Puerto Rican baseball player (born 1967)

Omar Olivares Palau (born July 6, 1967) is a Puerto Rican former starting pitcher in Major League Baseball (MLB) who played for the St. Louis Cardinals (1990–1994), Colorado Rockies (1995), Philadelphia Phillies (1995), Detroit Tigers (1996–97), Seattle Mariners (1997), Anaheim Angels (1998–99), Oakland Athletics (1999–2000) and Pittsburgh Pirates (2001). He batted and threw right-handed.

In a 12-season MLB) career, Olivares posted a 77–86 record with 826 strikeouts and a 4.67 earned run average (ERA) in 1,591 2/3 innings pitched.

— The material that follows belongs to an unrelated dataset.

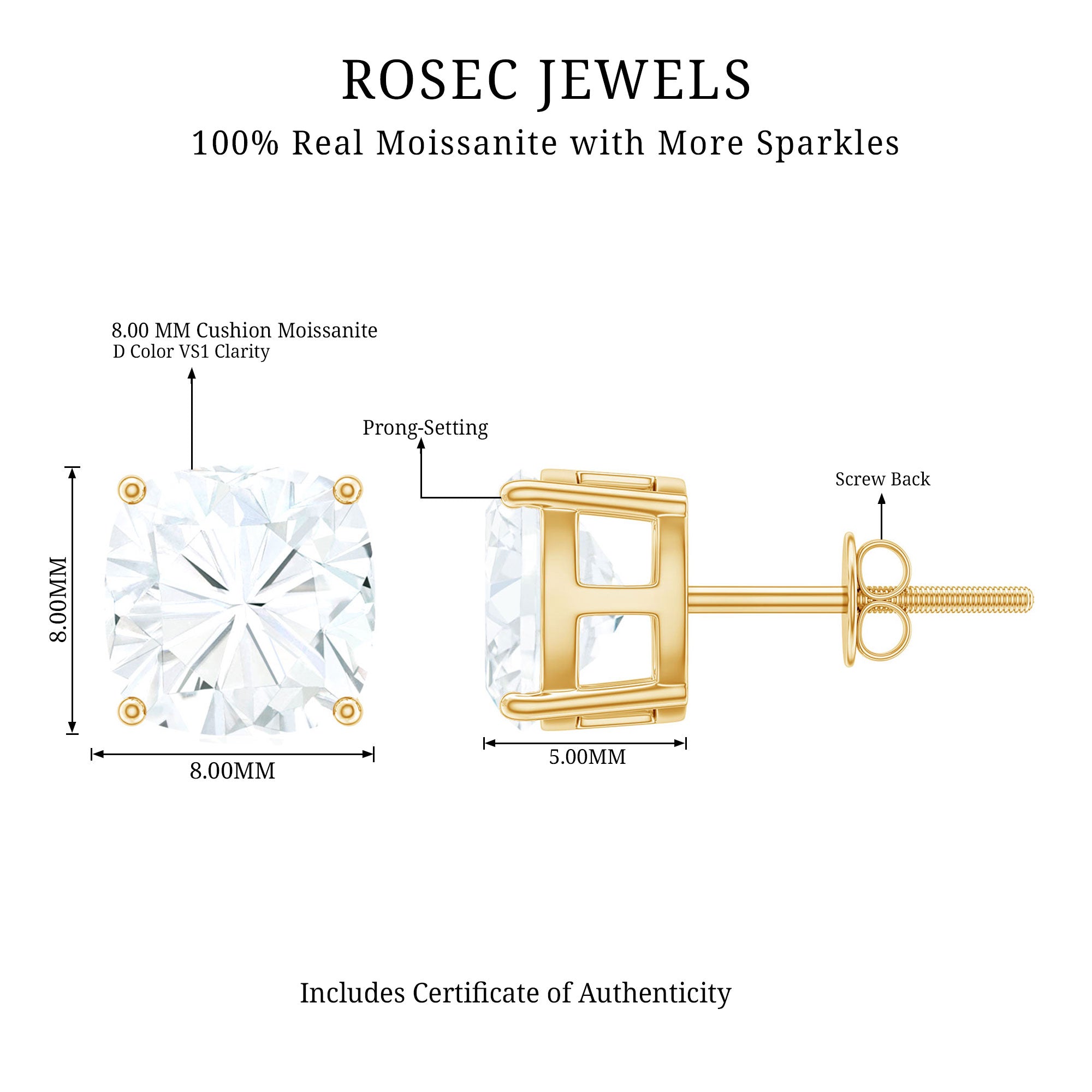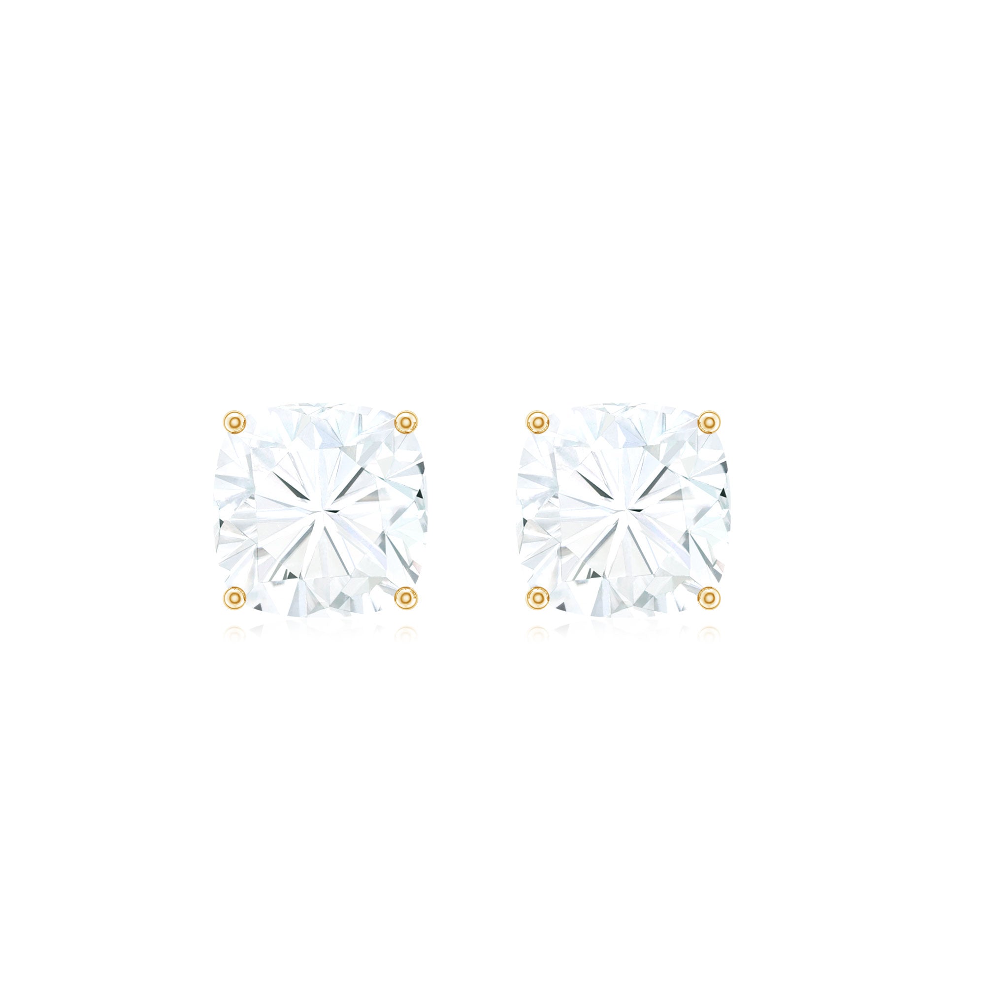 Elevate your outfit with these stunning stud earrings featuring a Cushion Cut Moissanite solitaire. The earrings are crafted in gold to add an opulent touch to your look. The cushion cut moissanite solitaire is the perfect addition to your jewelry collection and will complement any outfit.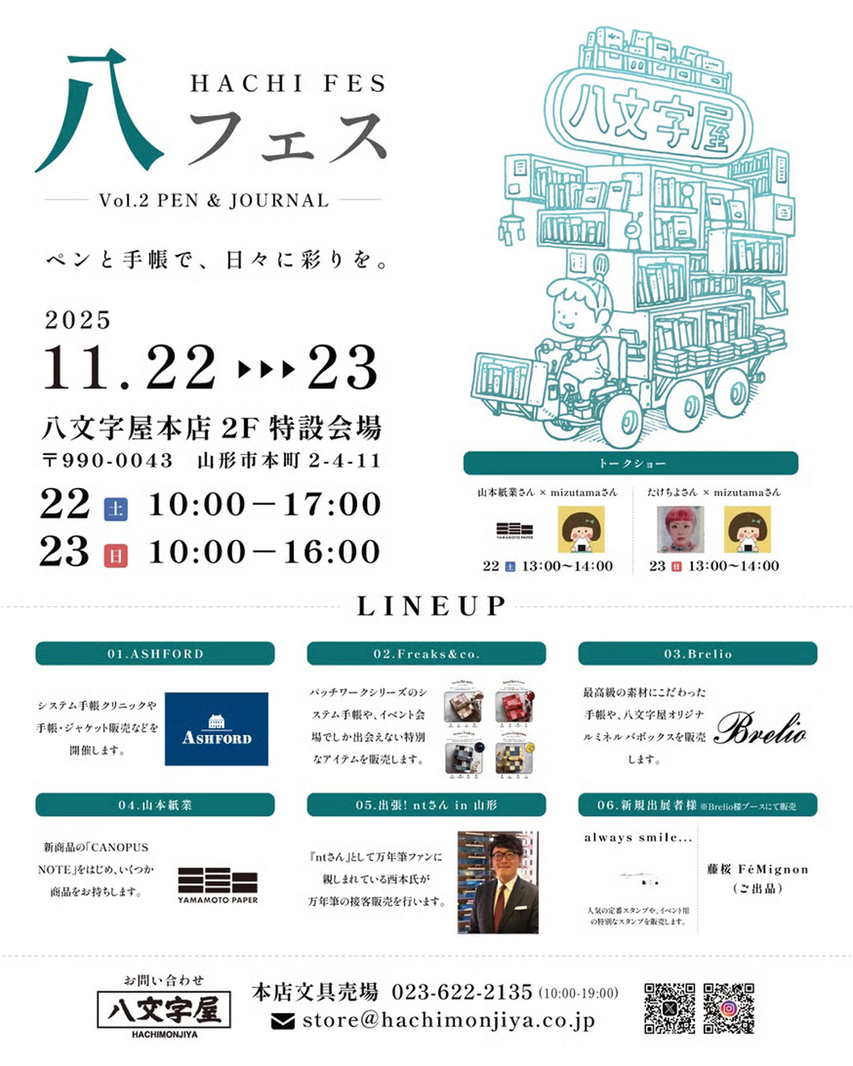 昨年に続き、今年も山形の八文字屋さんで開催される「八フェス」に参加いたします。

Olivares was better than average hitter for a pitcher, posting a .240 batting average (58-for-242) with 25 runs, 5 home runs and 29 RBI. Considered to be a good athlete, he was occasionally used as a pinch runner and pinch hitter.

Olivares grew up in Mayagüez, Puerto Rico. He attended Miami Dade College, then signed with the San Diego Padres in September 1986. The Padres traded him to the Cardinals for Alex Cole and Steve Peters in February 1990. He made his MLB debut that August, pitching in nine MLB games. In his rookie season, he had an 11–7 record with a 3.71 ERA in 1991. He led the Cardinals with 124 strikeouts and 63 walks in 1992. He dealt with a groin injury in 1993, and the Cardinals waived him after the 1994 season.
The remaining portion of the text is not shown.